Ritter community fridge relocated

The decision came after a reevaluation of the Cherry Pantry’s electrical system.

After removing the fridge from Ritter Annex, One Health Club and Sharing Excess have collaborated with Cherry Pantry to find a replacement. | MOLLY FISKE / THE TEMPLE NEWS

When Olivia Weaver, president of Temple Sharing Excess, learned the Ritter community fridge was being relocated, she was shocked. 

“We collaborate with them all the time, so there’s such a streamline of communication between all of us, in previous projects, we were continuously talking about plans and goals, so I think for that to be the first we heard of it, we were just a little taken aback by that,” said Weaver, a senior gender, sexuality and women’s studies and communication and social influence double major.

Temple Sharing Excess, a chapter of the Philadelphia nonprofit, and Temple One Health Club, a chapter of the sustainability organization One Health Initiative, work together to operate the Ritter community fridge. On Jan. 27, the student organizations were informed by Cherry Pantry staff that the fridge in Ritter Annex would be moved to the Cherry Pantry in the Howard Gittis Student Center. 

The decision came after a reevaluation of the electrical system in the Cherry Pantry revealed the space in the Student Center could support a fridge, wrote Annette Ditolvo, coordinator of Cherry Pantry, in an email to The Temple News.

“We believe there is an injustice taking place and we’re incredibly disappointed in the handling of this whole situation,” OHC wrote in a statement on Jan. 31. “We support the Cherry Pantry’s mission and we celebrate any and all long term goals they hold, but we wish it wasn’t gained on the backs of the community.”

Since the fridge was removed, OHC and Temple Sharing Excess have worked with Cherry Pantry to find a replacement fridge.

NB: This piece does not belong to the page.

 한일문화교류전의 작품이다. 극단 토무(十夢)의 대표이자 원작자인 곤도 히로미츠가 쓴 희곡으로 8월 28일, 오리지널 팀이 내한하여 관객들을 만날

Cherry Pantry staff has connected Temple OHC and Sharing Excess with the Social Service Annex to find a new fridge loaned to the clubs as a replacement for the Ritter community fridge.

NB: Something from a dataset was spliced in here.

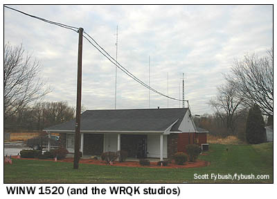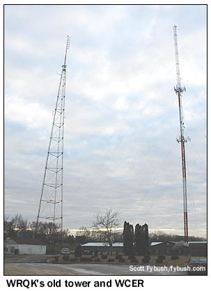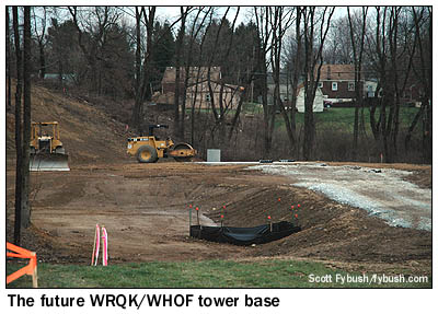 "WIN-Wonderful" was Canton's last new AM signal, signing on in the mid-sixties. It was once a pretty major player on the Canton Top 40 scene, but in recent years, it's been a less visible part of the local radio picture, broadcasting black gospel and religion from sunrise to sunset. Those four towers push WINW's kilowatt of power straight south, into Canton and away from another 1520 signal just 22 miles away - but we'll get to that in a moment. As for the building, it hasn't been home to WINW's studios for years, but when we drove by, it was still home to what was once WINW's sister FM station. WRQK (106.9) was going through some big changes last fall, moving from its old self-supporting tower at 22nd Street and Whipple Avenue on Canton's northwest side to a new guyed tower next door, changing owners from Cumulus to Clear Channel, and changing studio locations from Martindale Road to Clear Channel's Freedom Avenue facility in North Canton. That studio - and the new WRQK tower - became home to another new station after our visit, when the former WJER-FM (101.7) moved from Dover, 25 miles south of Canton, to North Canton, becoming WHOF ("Hall Of Fame" city, remember?) as "My 101.7." In the meantime, we can at least show you the clearing next to the old tower where the base for the new one had just been poured when we stopped by in mid-December - and we'll have to stop by again on our next trip to get some pictures of the finished product.

“This refrigerator should be in the space as soon as next week,” Ditolvo wrote. “Pantry staff are committed to working with both student organizations for a longer term solution.”

The collaboration between Temple Sharing Excess and OHC began last spring after discovering they could not secure refrigeration for the Cherry Pantry, they decided to utilize the already-existing refrigerator in Ritter Annex for produce storage and distribution.

Most of the supplies for the Ritter community fridge were contributed by Sharing Excess, which connects businesses that have a food surplus with people facing food insecurity. Temple’s chapter of Sharing Excess then works with OHC to coordinate produce distribution events, which are typically biweekly.

The produce events have become popular with the Temple community and staff at Ritter Hall, and they often run out of produce within an hour of the start of their events. 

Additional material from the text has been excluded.